Translator of the Bear Bible (1569), born in Granada, S Spain, of Moorish descent. The Bible is named after the emblem of a bear tasting honey on the title-page, which has been traced to the Bavarian printer Mattias Apiarius, the bee-keeper. Reina turned Protestant and fled from Spain in 1557, spending the next 12 years on the first complete translation of the Bible into Castilian, La Biblia, que es, los sacros libros del Viejo y Nuevo Testamento. Trasladada en Español. It was revised in 1602 by Cipriano de Varela, and the 1569 edition was reissued in facsimile by the Bible Society of Madrid (1970). Menéndez y Pelayo was the first scholar to stress Reina's achievement in his Historia de los heterodoxos españoles (Vol 5, 1882).
Casiodoro de Reina or de Reyna was a former monk who, perhaps with several others, translated the Bible into Spanish.

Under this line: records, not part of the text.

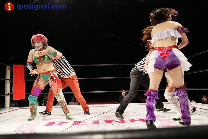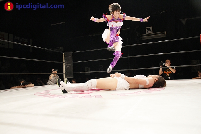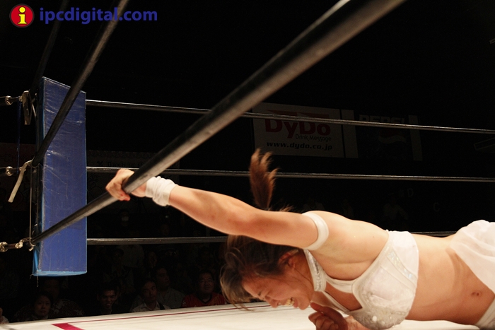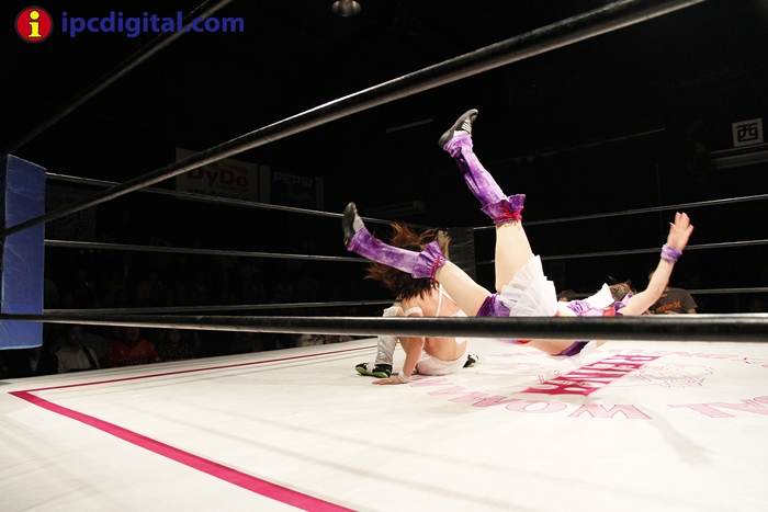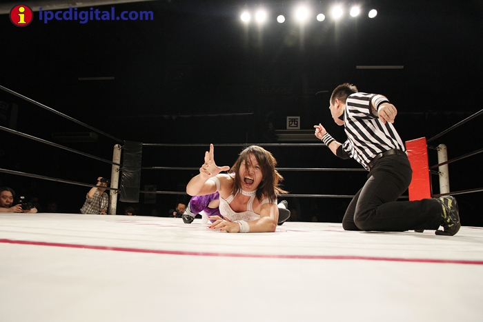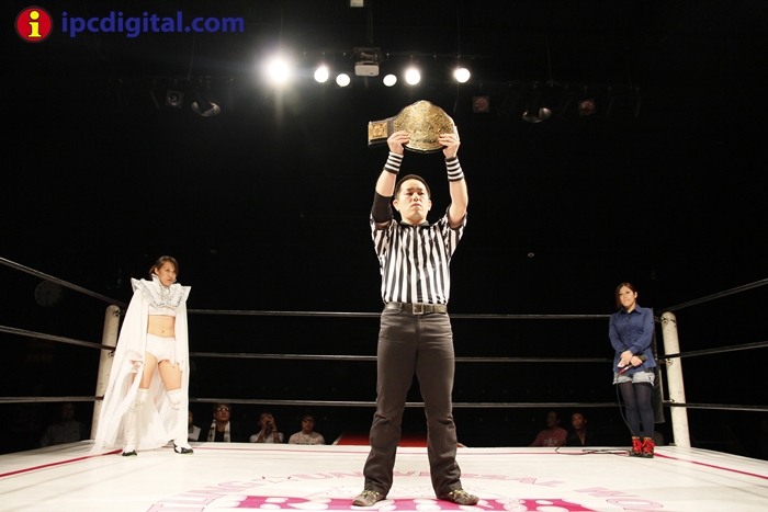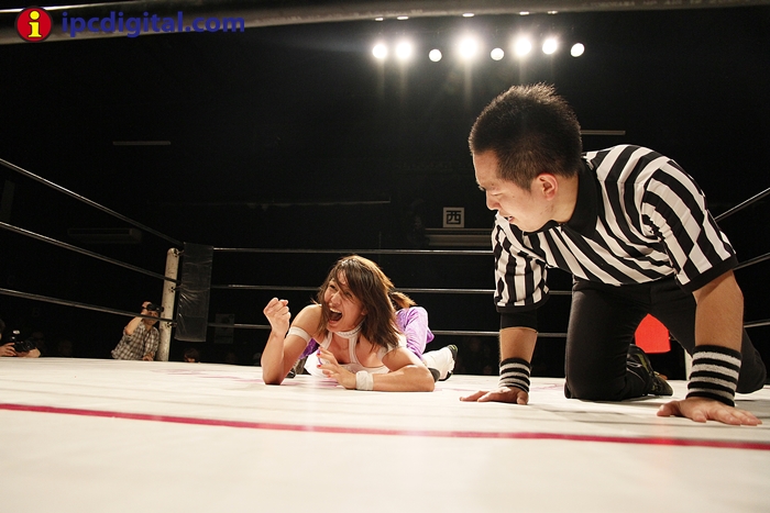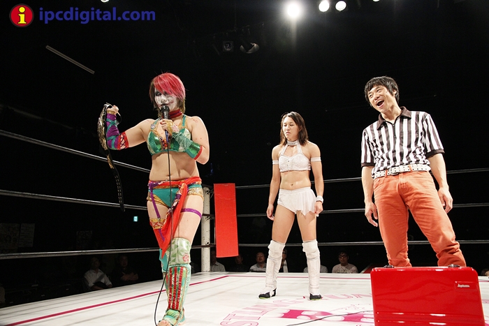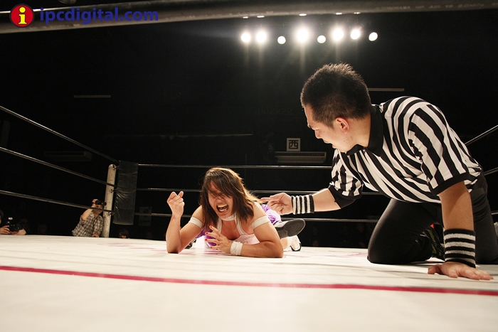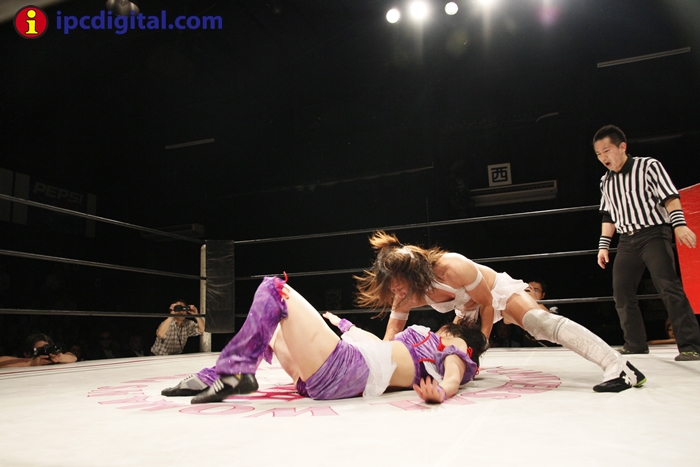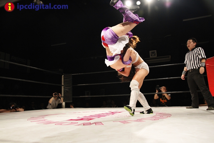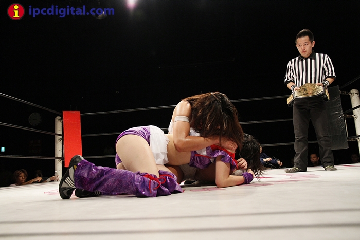 Syuri, la doble campeona japonesa de kick boxing y lucha libre (puroresu), hizo valer anoche su título de campeona en el torneo de lucha femenina «Reina ante su guapa compatriota Makoto.
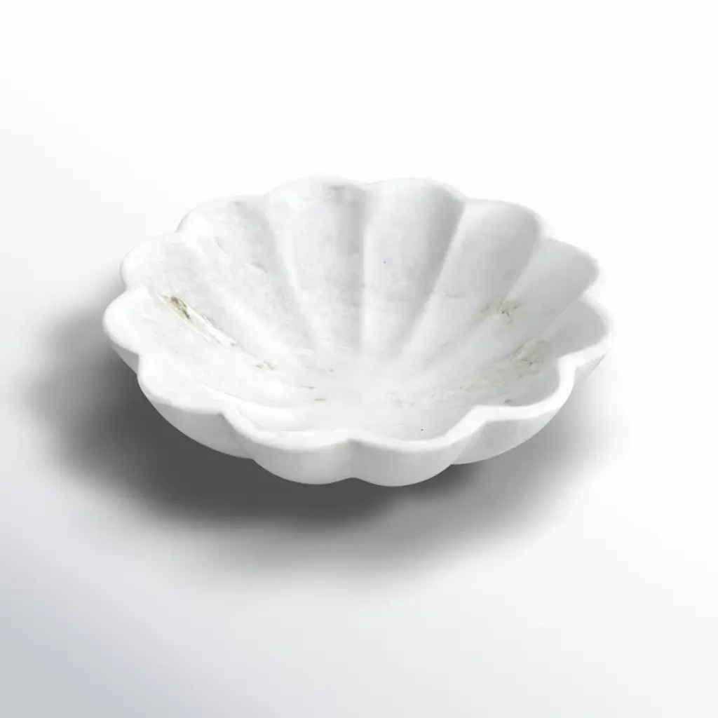 Elegantly designed for decoration, this carved marble dish can also meet your serving needs. It is shaped like a flower and will be a beautiful addition to the table full of salad, potatoes or a healthy serving of vegetables. The floral design also makes it a great piece for holding a set of floating candles.
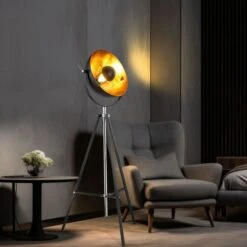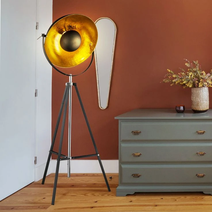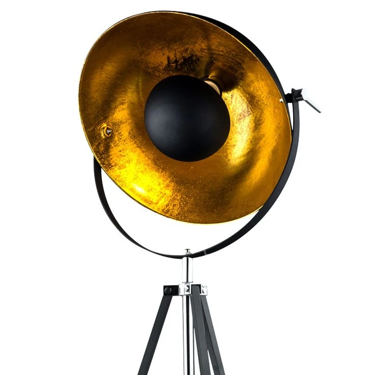 Der Schirm ist schwenkbar und innen goldfarben. Außerdem ist diese Lampe höhenverstellbar, wird durch einen On-Off-Schalter bedient und verfügt über eine E27 Fassung, für die ein Leuchtmittel bis zu einer Leistung von 60 Watt frei gewählt werden kann.
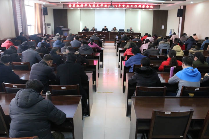 2月26日下午,计算机学院在院楼201会议室召开全体教职工大会,传达学校2019年党政重点工作,安排部署学院2019年重点工作。会议由该院院长贾宗璞主持,全院教职工参加。
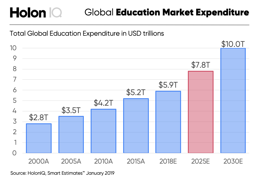 Education, a $6 trillion industry that’ll grow to nearly $8 trillion by 2025. An industry where even within these vast numbers less than 3% of expenditure is allocated to technology and digitization (Source: Holon IQ).
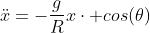 La massa ha una forza peso , e considero solo la componente perpendicolare all'anello . Dato che quest'ultimo è vincolato a muoversi solo orizzontalmente l'unica forza che accelera il centro dell'anello avrà un intensità di ovvero, riscrivendo il tutto . Ovviamente per piccole oscillazioni lo si approssima al prim'ordine ad 1, da cui la frequenza del centro dell'anello (ovvero anche quella della massa perchè fissata all'anello) è

Reina, a monk of the Abbey de San Isidoro del Campo outside Sevilla, fled with about a dozen others when they came under suspicion by the Office of the Inquisition for Reformist tendencies. Reina wrote then the first great book against the Inquisition: Some arts of Holy Inquisition.

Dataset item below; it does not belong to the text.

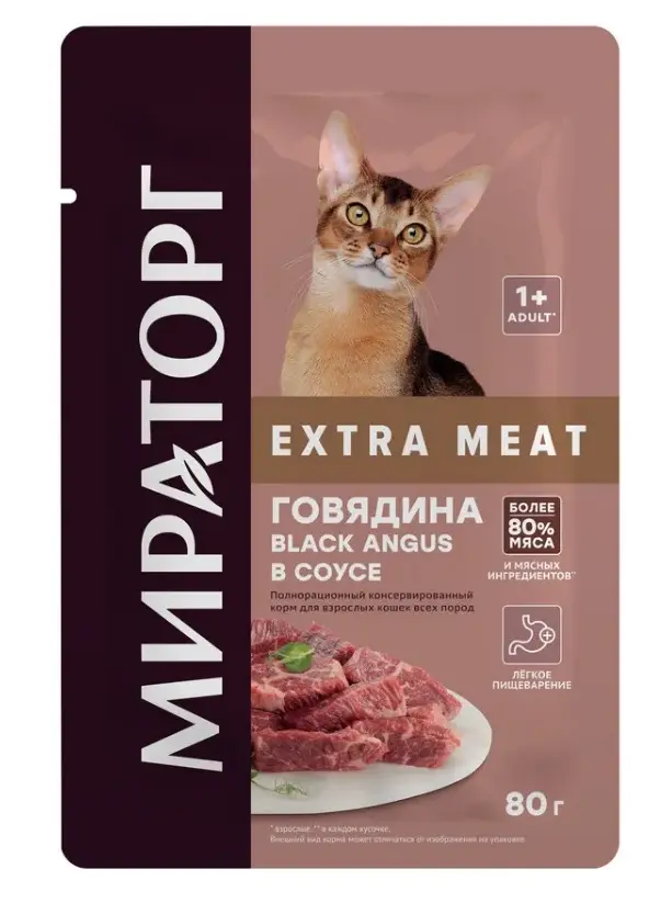 Мираторг Extra Meat для кошек всех пород (Говядина Black Angus в соусе) — полнорационный влажный корм для взрослых кошек всех пород с говядиной Black Angus в соусе.
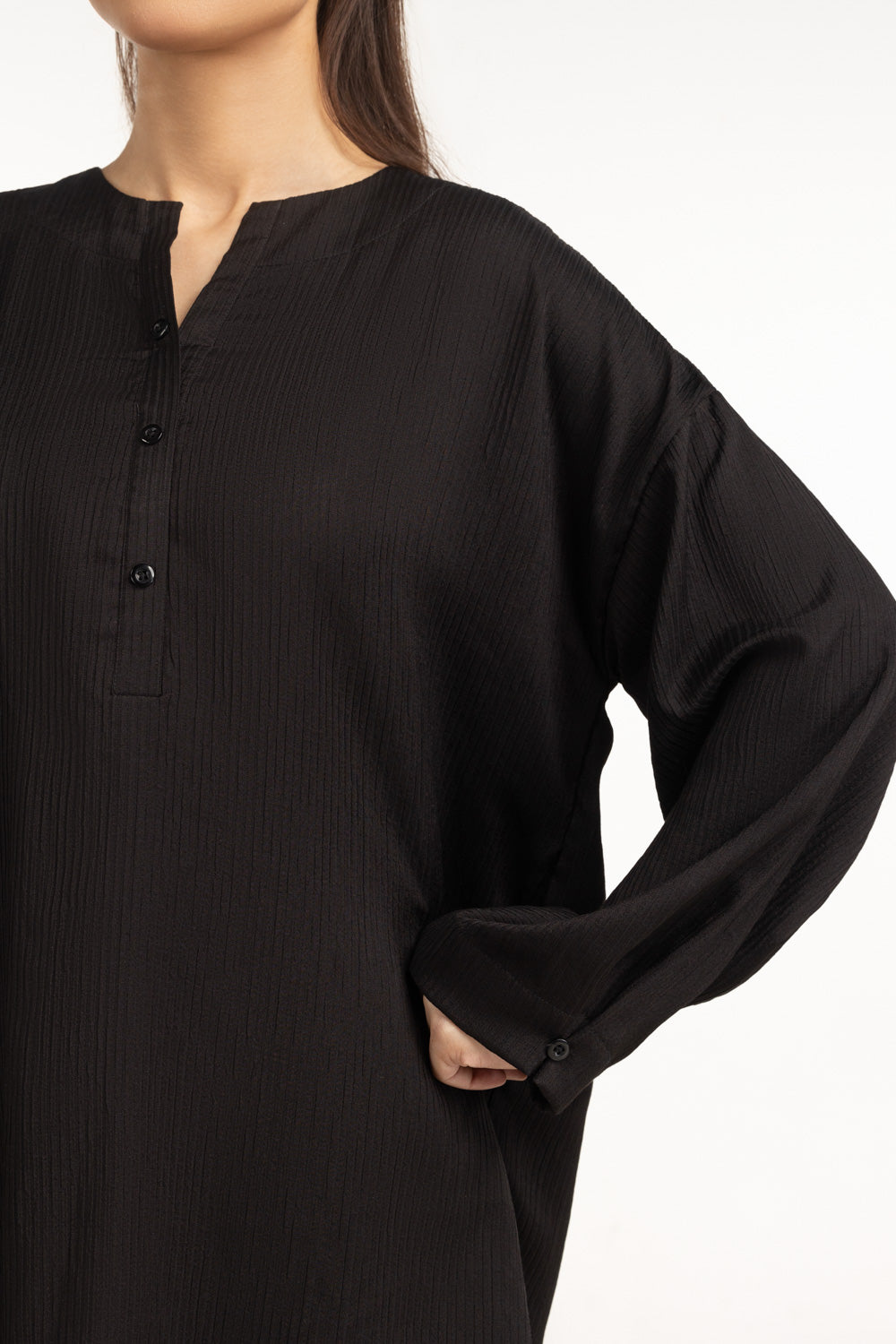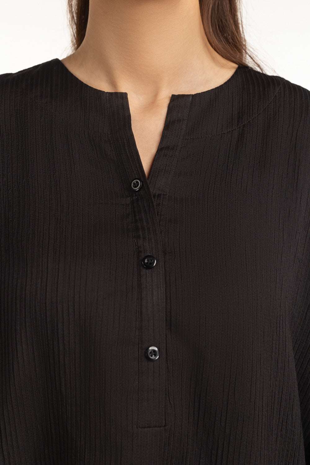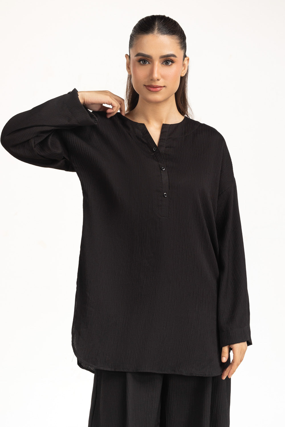 The textured fabric in deep black brings depth to this contemporary winter essential. Featuring a round neckline with neatly placed buttons, it speaks of refined minimalism. Functional yet chic, it pairs effortlessly with the matching trousers for the everyday casual look.

While in exile, variously in Frankfurt, London, Antwerp, Orleans, and Bergerac, funded by various sources (such as Juan Pérez de Pineda) he began translating the Bible into Spanish, using a number of works as source texts. For the Old Testament, the work appears to have made extensive use of the Ladino Ferrara Bible with comparisons to the Masoretic Text and the Vetus Latina. The New Testament derives from the Textus Receptus of Erasmus with comparisons to the Vetus Latina and Syraic manuscripts,
It is speculated that the version he published in Switzerland in 1569—which became the basis of the Reina-Valera Bible—was a composite work of the expatriate Isidorean community, done by several different hands with Reina first among them.